Kisah Nyata Sembuh dari Gila Setelah Ikut Dzikir

 

 Wanita ini mendatangi kediaman Kiyai Haji Muhammad Arifin Ilham dengan raut muka sedih. Matanya bengkak. Sebelah matanya berwarna lebam. Kebiruan. Setelah bertemu dengan yang dituju, ia mengisahkan persoalan pelik dalam hidup yang dialaminya.

Anak kesayangannya gila. Dirawat di sebuah rumah sakit. Sebab sering mengamuk, si anak pun dipasung. Katanya dengan nada sedih bercampur khawatir, “Apa yang harus saya lakukan, Ustadz?”

Mula-mula, dai dengan suara bertenaga ini menyarankan tamunya agar senantiasa berbaik sangka kepada Allah Ta’ala. Sabar dengan sebaik-baiknya sabar. Selanjutnya, beliau juga menyarankan agar si ibu senantiasa mendoakan anaknya. “Allah Ta’ala yang memiliki anak ibu. Mudah bagi Allah Ta’ala untuk memberikan kesembuhan. Doakan anak ibu. Semoga Allah Ta’ala segera memberikan kesembuhan kepadanya.” Senyum ibu pun sedikit terbit selepas mendengar nasihat bijak dai yang memimpin Majlis az-Zikra ini.

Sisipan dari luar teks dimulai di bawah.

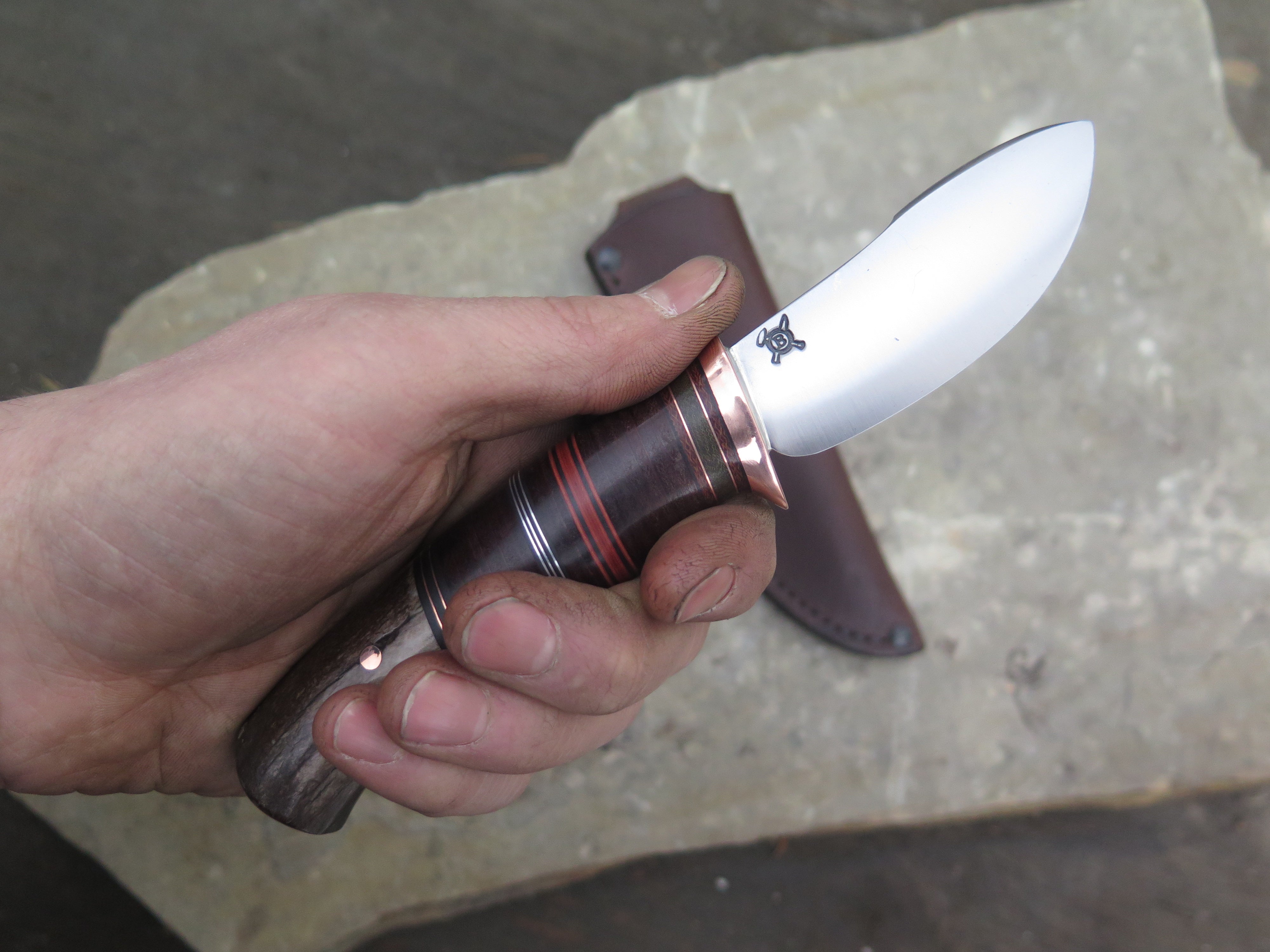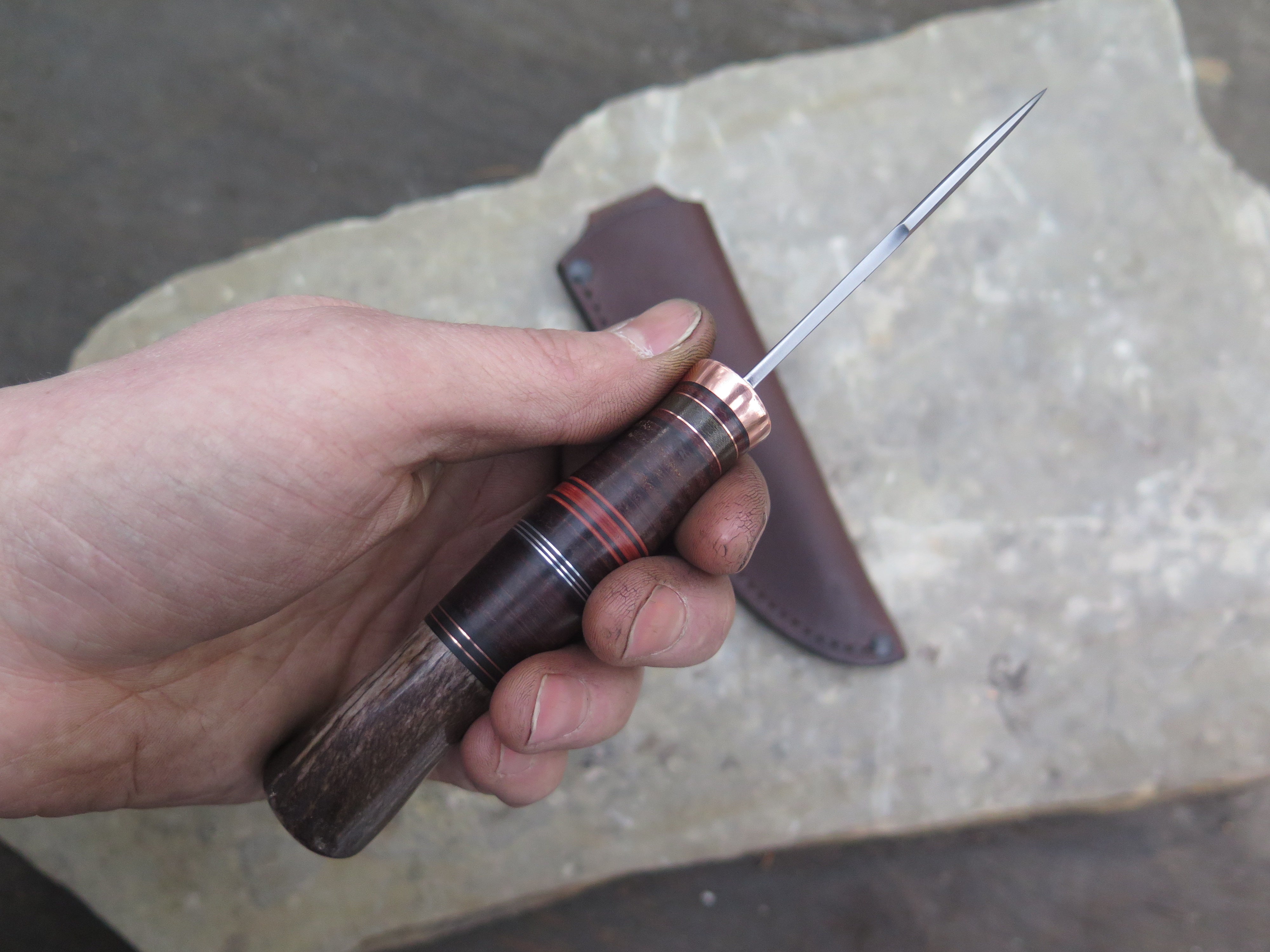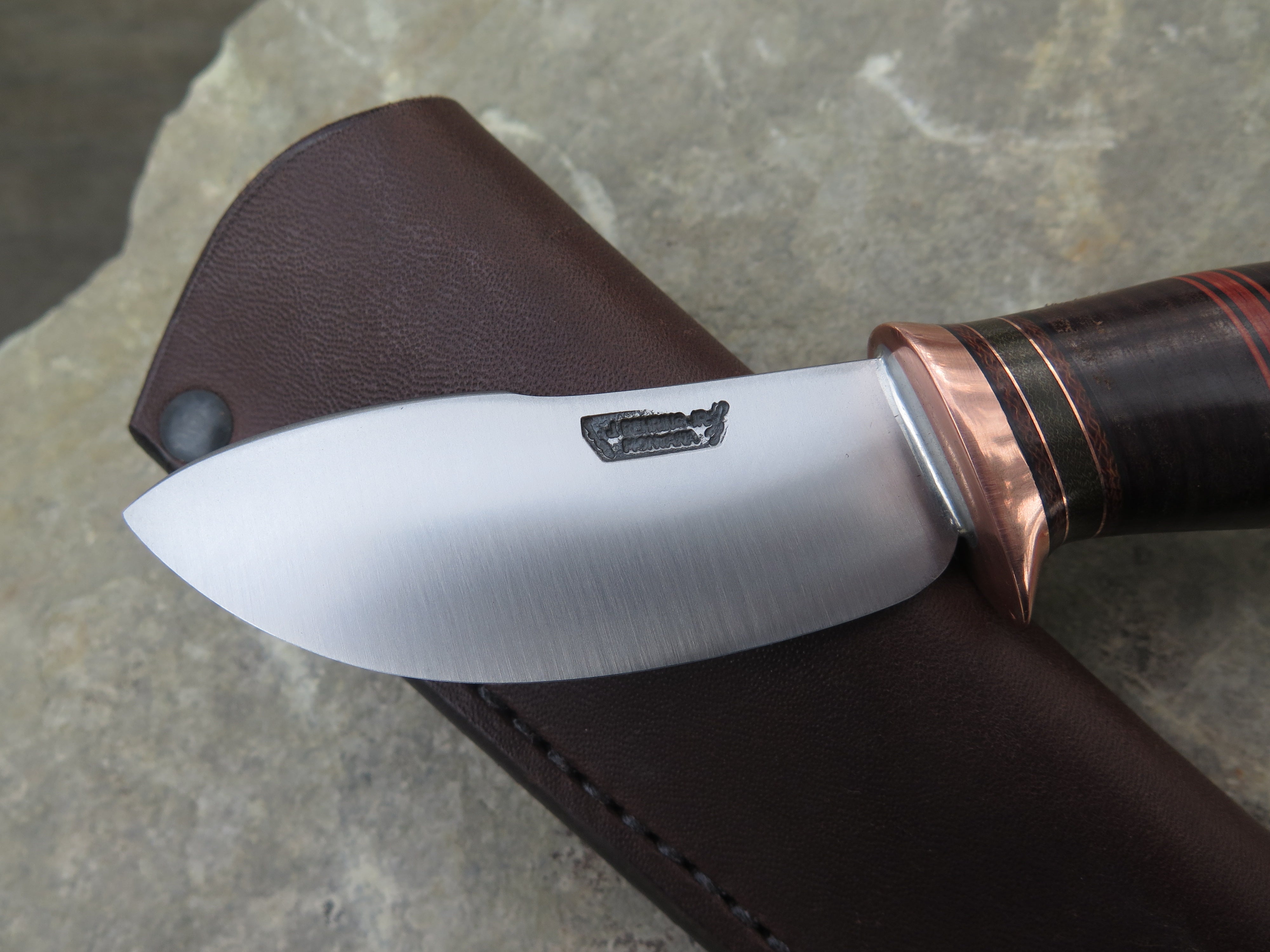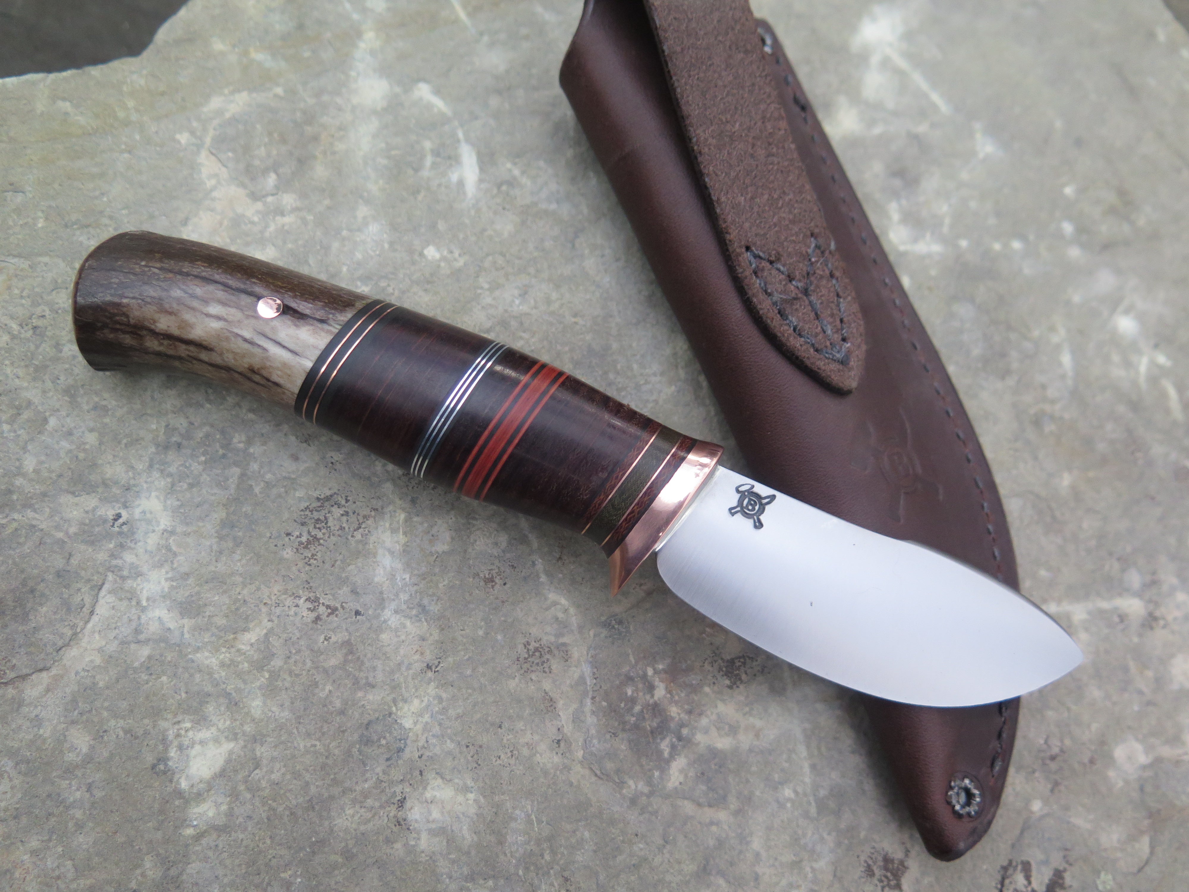 This beautiful Behring Made© Canoe Knife is hand forged from 1/8" thick high carbon 01 tool steel and it measures 3" from tip to guard with a razor sharp convex grind. The copper guard is soldered in place above black and maroon fiber, green and brown micarta, copper, aluminum and horsehide leather spacers in addition to the whitetail butt that's pinned through the tang with copper. The overall length measures 7" and it comes in a classic leather belt pouch sheath.

Sebagai langkah ikhtiari dan ijtihad pribadinya, Kiyai Arifin pun menyampaikan saran, “Jemput anak ibu. Minta surat keterangan dari dokter. Ibu berhak atas anak ibu.” Setelah kelar mengurusi semuanya, Kiyai Arifin menyampaikan perintah, “Ajak anak ibu ke sini. Biarkan dia (beraktivitas) di az-Zikra.”

“Hari pertama di az-Zikra,” demikian tutur Kiyai Arifin dalam kajian Sabtu, 5 Desember 2015 di bilangan BSD Tangerang Selatan, “anak itu mengamuk.” Metode penuturan yang mengundang penasaran namun diakhiri dengan frasa ‘anak itu mengamuk’ pun disambut dengan tawa hadirin.

Dibiarkan berada di Masjid az-Zikra Sentul Bogor Jawa Barat, anak yang hilang kesadaran lantaran saking cerdasnya ini berkeliling di banyak tempat. Termasuk diarahkan untuk mengikuti kajian di masjid itu. Pasalnya, di masjid yang saban bulannya dipadati puluhan ribu jamaah dzikir ini, ada kajian rutin bakda Subuh setiap hari, langsung dipimpin oleh Kiyai kharismatik kelahiran Banjarmasin ini.

Selain dibiarkan mengikuti kajian, anak ini juga diberi terapi bacaan ayat suci al-Qur’an, kalimat-kalimat dzikir, dan juga diskusi. “Alhamdulillah,” pungkas Kiyai Arifin mengisahkan, “anak ini diberi kesembuhan oleh Allah Ta’ala setelah dua hari berada di az-Zikra.”

Lucunya, setelah sadar, ketika diberitahu bahwa anak ini mengamuk, sosok yang telah sadarkan diri ini mengelak, “Emang saya ngamuk, Ustadz? Dih, saya kan waras.”

Hadirin pun tertawa sembari merapal nama Allah Ta’ala dalam takjub. Sungguh, tiada yang mustahil bagi-Nya. Dia menurunkan obat atas segala penyakit, kecuali tua dan kematian.